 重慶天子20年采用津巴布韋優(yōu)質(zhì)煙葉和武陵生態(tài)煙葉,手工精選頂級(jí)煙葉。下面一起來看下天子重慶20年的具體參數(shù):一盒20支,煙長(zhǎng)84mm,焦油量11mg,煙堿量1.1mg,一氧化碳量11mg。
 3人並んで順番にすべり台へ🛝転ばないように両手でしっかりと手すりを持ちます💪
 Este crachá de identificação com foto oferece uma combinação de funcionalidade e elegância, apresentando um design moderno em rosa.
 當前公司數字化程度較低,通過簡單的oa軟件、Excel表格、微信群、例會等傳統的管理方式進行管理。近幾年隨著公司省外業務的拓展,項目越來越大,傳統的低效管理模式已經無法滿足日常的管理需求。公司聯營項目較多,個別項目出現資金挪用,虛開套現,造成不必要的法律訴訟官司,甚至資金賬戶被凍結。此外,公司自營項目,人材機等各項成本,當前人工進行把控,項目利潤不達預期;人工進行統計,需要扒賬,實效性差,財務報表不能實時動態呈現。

★ ★ ★ ★ ★ ★ ★

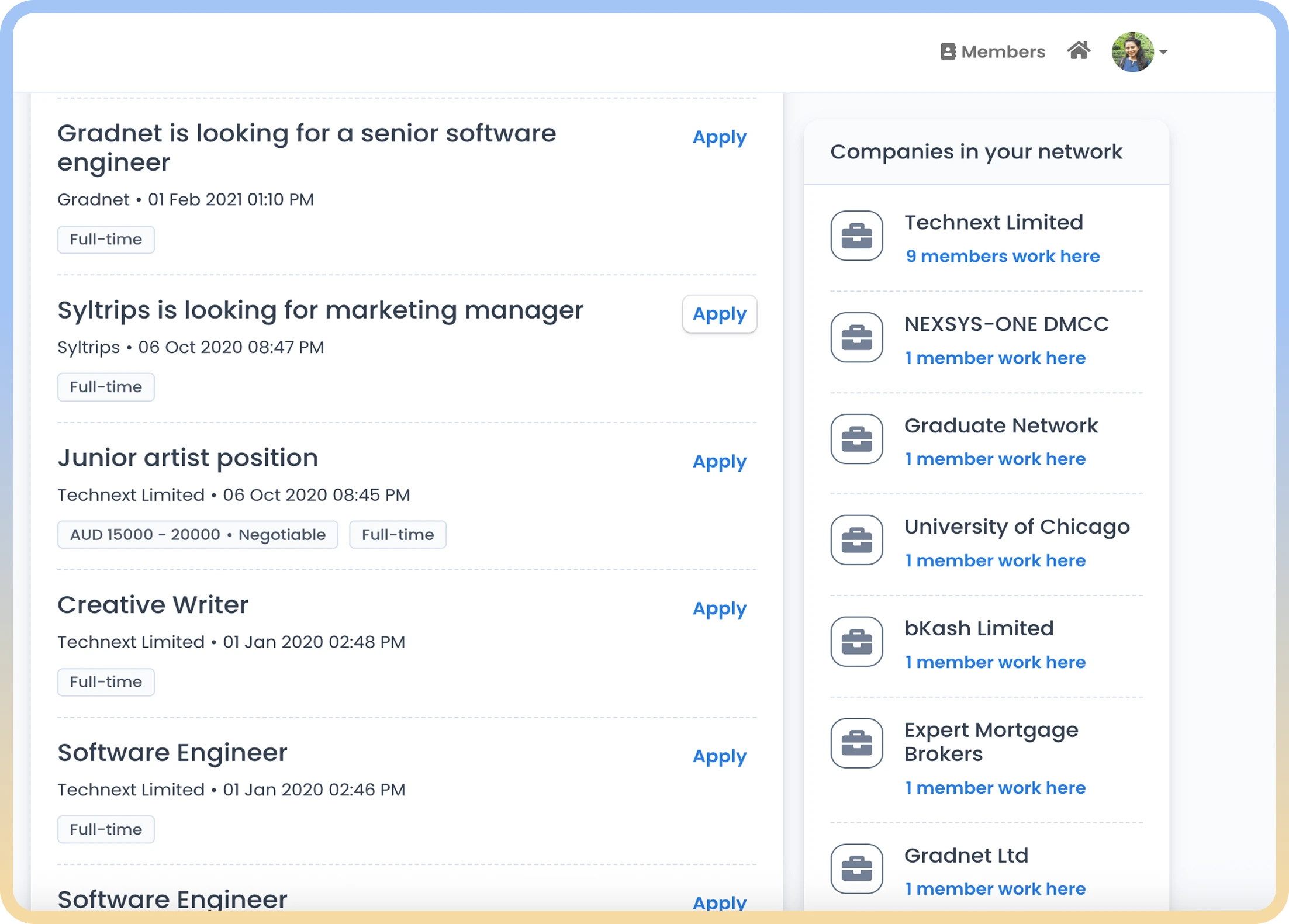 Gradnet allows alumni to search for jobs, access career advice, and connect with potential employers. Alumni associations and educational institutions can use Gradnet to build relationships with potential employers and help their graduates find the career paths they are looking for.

★ ★ ★ ★ ★ ★ ★

◆ TASK TO CARRY OUT ◆
Output exactly one stretch of the listing: from the line containing "3人並んで順番にすべり台へ🛝転ばないように両手でしっかりと手すりを持ちます💪" through the line containing "當前公司數字化程度較低,通過", both end lines included.

◆ COMPLETED TASK ◆
 3人並んで順番にすべり台へ🛝転ばないように両手でしっかりと手すりを持ちます💪
 Este crachá de identificação com foto oferece uma combinação de funcionalidade e elegância, apresentando um design moderno em rosa.
 當前公司數字化程度較低,通過簡單的oa軟件、Excel表格、微信群、例會等傳統的管理方式進行管理。近幾年隨著公司省外業務的拓展,項目越來越大,傳統的低效管理模式已經無法滿足日常的管理需求。公司聯營項目較多,個別項目出現資金挪用,虛開套現,造成不必要的法律訴訟官司,甚至資金賬戶被凍結。此外,公司自營項目,人材機等各項成本,當前人工進行把控,項目利潤不達預期;人工進行統計,需要扒賬,實效性差,財務報表不能實時動態呈現。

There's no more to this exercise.